Task directions: In the listing below, find the line with "Spacious Accommodations: Cozy" and copy every line from there up to and including the line with "Each Sun Lite", exactly and without pictures.

Input records:
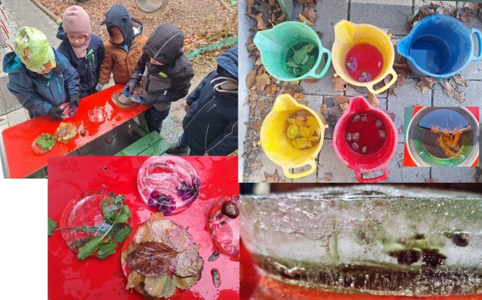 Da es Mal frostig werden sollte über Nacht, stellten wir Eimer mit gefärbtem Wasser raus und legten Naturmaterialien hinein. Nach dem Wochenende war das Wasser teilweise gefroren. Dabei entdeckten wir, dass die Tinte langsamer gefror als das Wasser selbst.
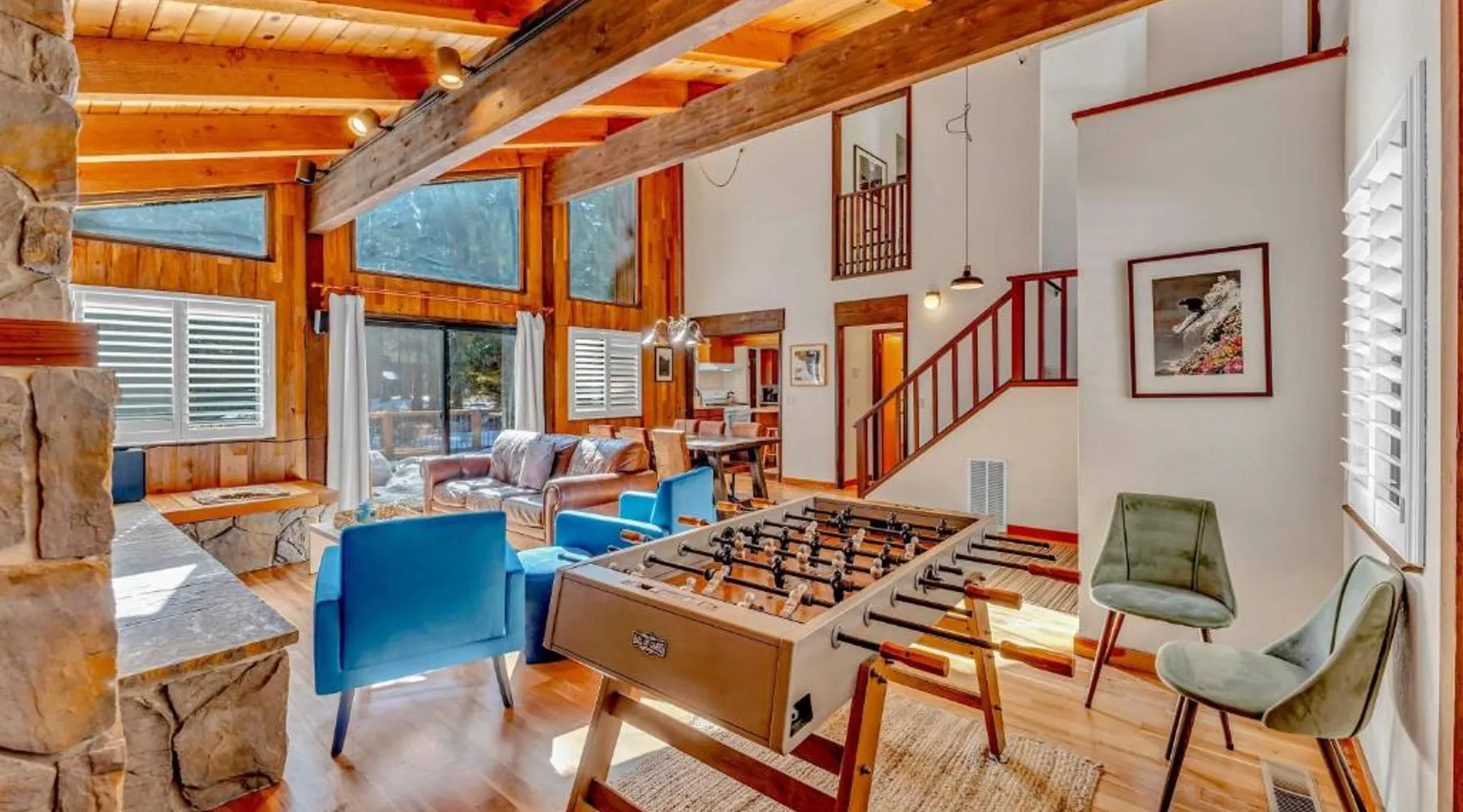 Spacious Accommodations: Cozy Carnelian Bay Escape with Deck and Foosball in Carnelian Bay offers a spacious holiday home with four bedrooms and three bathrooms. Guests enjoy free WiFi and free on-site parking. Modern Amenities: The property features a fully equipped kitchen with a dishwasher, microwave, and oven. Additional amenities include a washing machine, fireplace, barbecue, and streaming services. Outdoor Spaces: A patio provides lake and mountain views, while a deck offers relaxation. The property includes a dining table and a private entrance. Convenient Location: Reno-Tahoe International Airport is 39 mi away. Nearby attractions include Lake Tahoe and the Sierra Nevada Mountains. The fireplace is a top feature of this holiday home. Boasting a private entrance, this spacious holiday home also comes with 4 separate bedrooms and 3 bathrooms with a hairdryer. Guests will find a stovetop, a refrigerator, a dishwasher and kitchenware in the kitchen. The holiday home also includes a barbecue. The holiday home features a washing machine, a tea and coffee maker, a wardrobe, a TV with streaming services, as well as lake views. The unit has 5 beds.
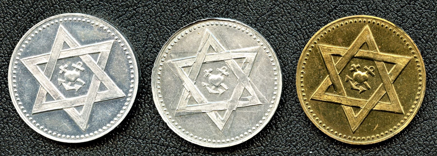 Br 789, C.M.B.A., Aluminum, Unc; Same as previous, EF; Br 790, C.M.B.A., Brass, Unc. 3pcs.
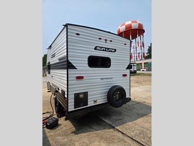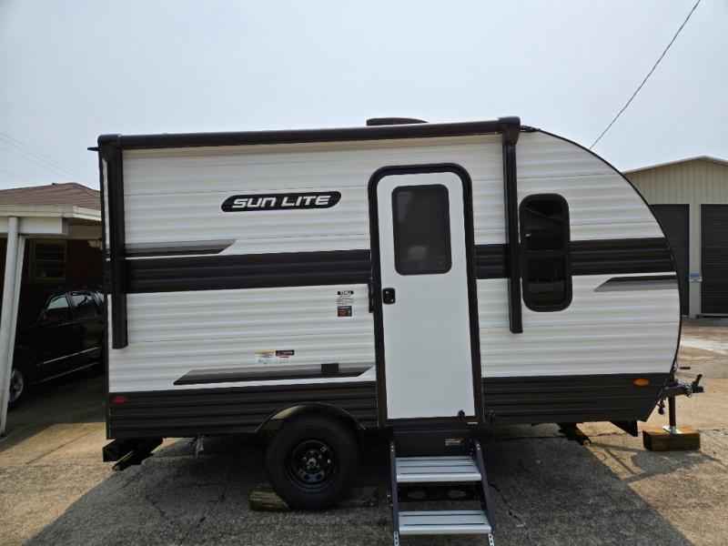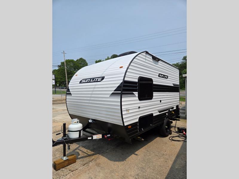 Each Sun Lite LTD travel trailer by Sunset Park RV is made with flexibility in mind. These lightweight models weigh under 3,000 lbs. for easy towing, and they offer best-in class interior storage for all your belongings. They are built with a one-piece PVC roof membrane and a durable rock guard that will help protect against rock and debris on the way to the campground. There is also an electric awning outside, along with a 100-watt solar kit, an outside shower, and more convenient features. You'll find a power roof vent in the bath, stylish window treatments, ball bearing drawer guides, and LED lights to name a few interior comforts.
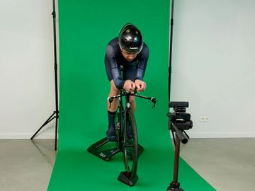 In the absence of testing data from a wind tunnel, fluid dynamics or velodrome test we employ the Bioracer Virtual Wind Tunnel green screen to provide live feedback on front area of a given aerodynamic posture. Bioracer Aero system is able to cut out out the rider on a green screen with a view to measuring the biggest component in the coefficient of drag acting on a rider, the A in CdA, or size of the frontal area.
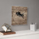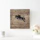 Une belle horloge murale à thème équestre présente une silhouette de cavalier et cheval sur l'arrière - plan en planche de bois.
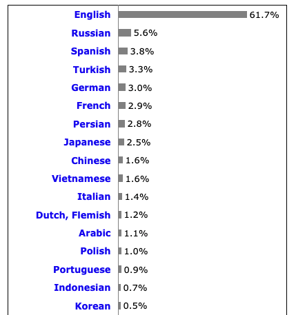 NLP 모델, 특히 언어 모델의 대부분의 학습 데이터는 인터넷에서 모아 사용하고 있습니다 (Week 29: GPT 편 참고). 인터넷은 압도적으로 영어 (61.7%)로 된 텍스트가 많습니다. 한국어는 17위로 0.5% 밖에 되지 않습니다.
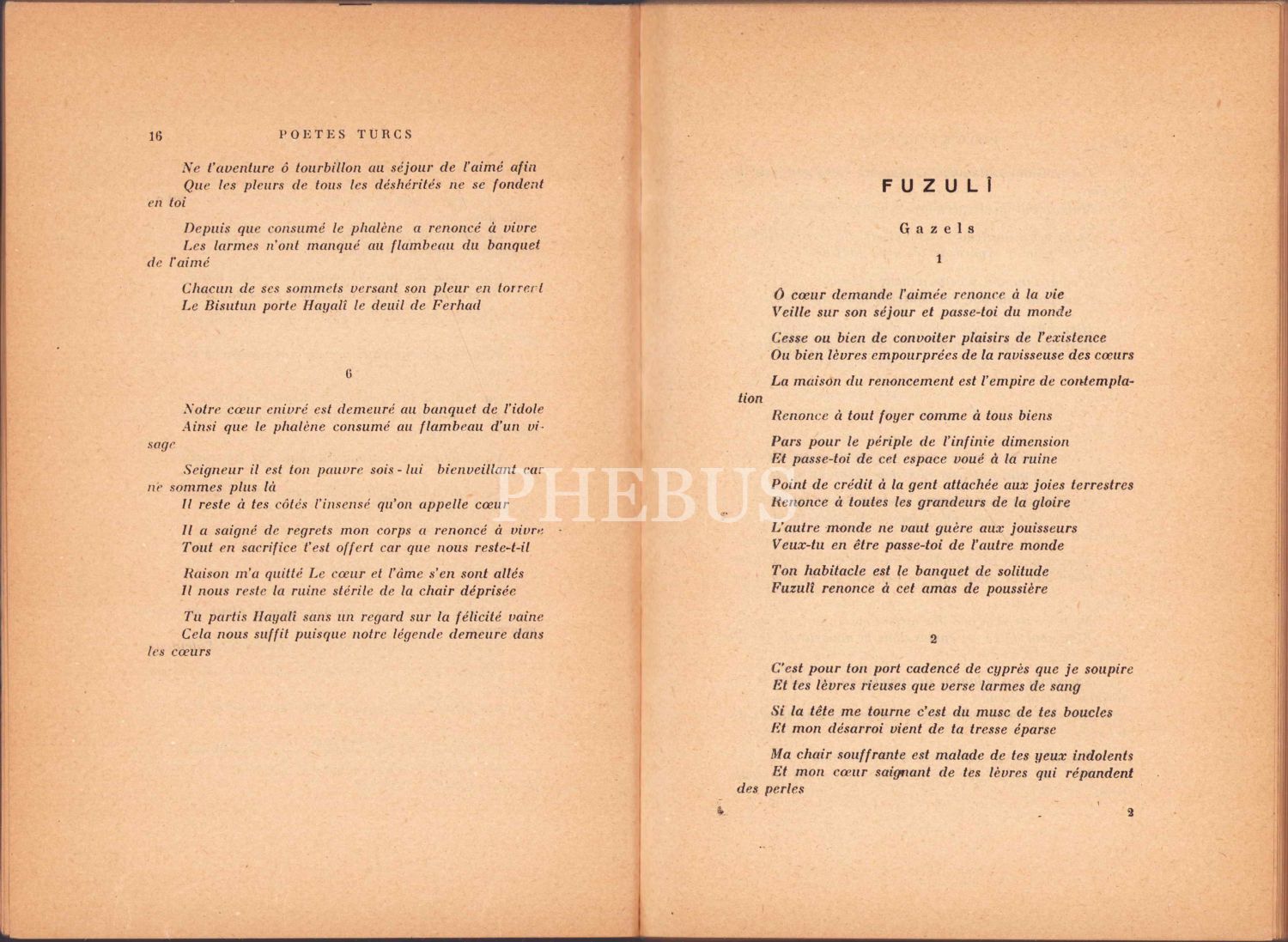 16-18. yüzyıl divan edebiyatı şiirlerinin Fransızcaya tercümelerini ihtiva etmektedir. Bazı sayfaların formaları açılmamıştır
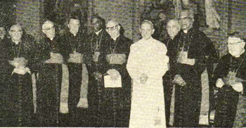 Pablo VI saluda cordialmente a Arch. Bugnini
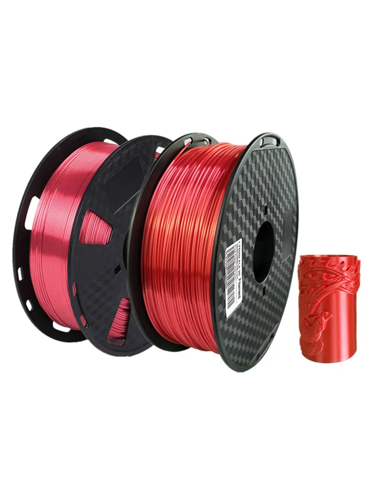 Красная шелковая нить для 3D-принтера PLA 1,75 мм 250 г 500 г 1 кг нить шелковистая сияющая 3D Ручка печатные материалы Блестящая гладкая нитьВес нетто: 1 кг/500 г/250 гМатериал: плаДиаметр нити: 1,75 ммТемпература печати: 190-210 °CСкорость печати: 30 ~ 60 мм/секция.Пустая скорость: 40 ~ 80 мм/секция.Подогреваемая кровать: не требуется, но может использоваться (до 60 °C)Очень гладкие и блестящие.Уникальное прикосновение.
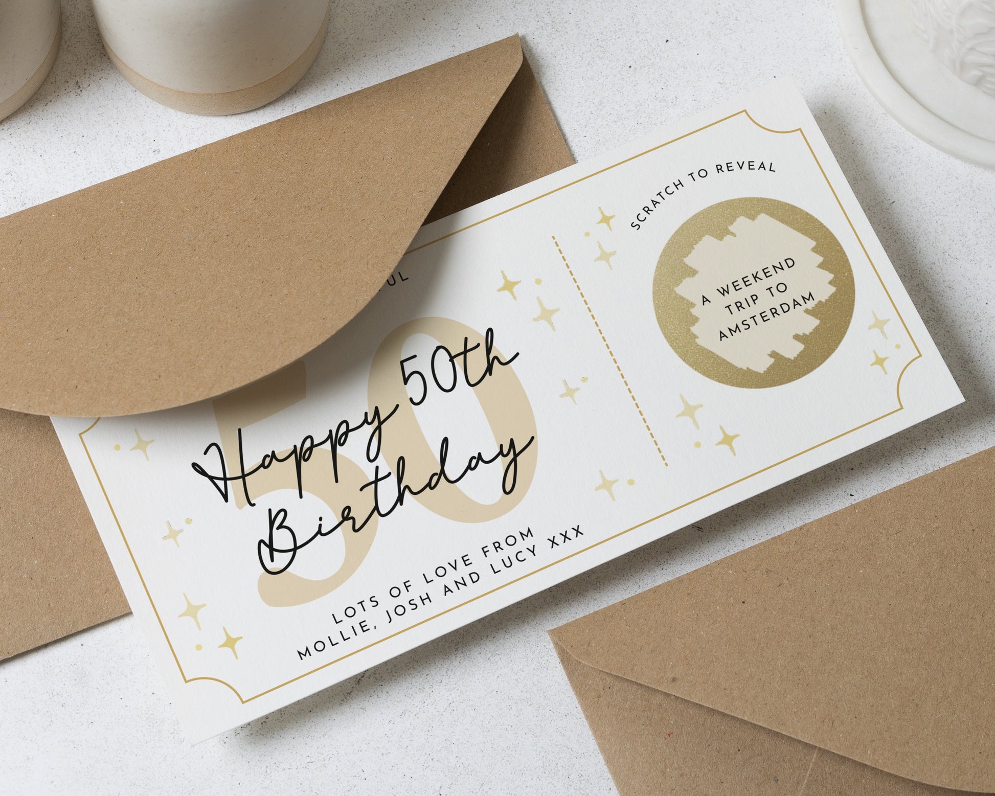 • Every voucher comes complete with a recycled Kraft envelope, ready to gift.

Task response:
 Spacious Accommodations: Cozy Carnelian Bay Escape with Deck and Foosball in Carnelian Bay offers a spacious holiday home with four bedrooms and three bathrooms. Guests enjoy free WiFi and free on-site parking. Modern Amenities: The property features a fully equipped kitchen with a dishwasher, microwave, and oven. Additional amenities include a washing machine, fireplace, barbecue, and streaming services. Outdoor Spaces: A patio provides lake and mountain views, while a deck offers relaxation. The property includes a dining table and a private entrance. Convenient Location: Reno-Tahoe International Airport is 39 mi away. Nearby attractions include Lake Tahoe and the Sierra Nevada Mountains. The fireplace is a top feature of this holiday home. Boasting a private entrance, this spacious holiday home also comes with 4 separate bedrooms and 3 bathrooms with a hairdryer. Guests will find a stovetop, a refrigerator, a dishwasher and kitchenware in the kitchen. The holiday home also includes a barbecue. The holiday home features a washing machine, a tea and coffee maker, a wardrobe, a TV with streaming services, as well as lake views. The unit has 5 beds.
 Br 789, C.M.B.A., Aluminum, Unc; Same as previous, EF; Br 790, C.M.B.A., Brass, Unc. 3pcs.
 Each Sun Lite LTD travel trailer by Sunset Park RV is made with flexibility in mind. These lightweight models weigh under 3,000 lbs. for easy towing, and they offer best-in class interior storage for all your belongings. They are built with a one-piece PVC roof membrane and a durable rock guard that will help protect against rock and debris on the way to the campground. There is also an electric awning outside, along with a 100-watt solar kit, an outside shower, and more convenient features. You'll find a power roof vent in the bath, stylish window treatments, ball bearing drawer guides, and LED lights to name a few interior comforts.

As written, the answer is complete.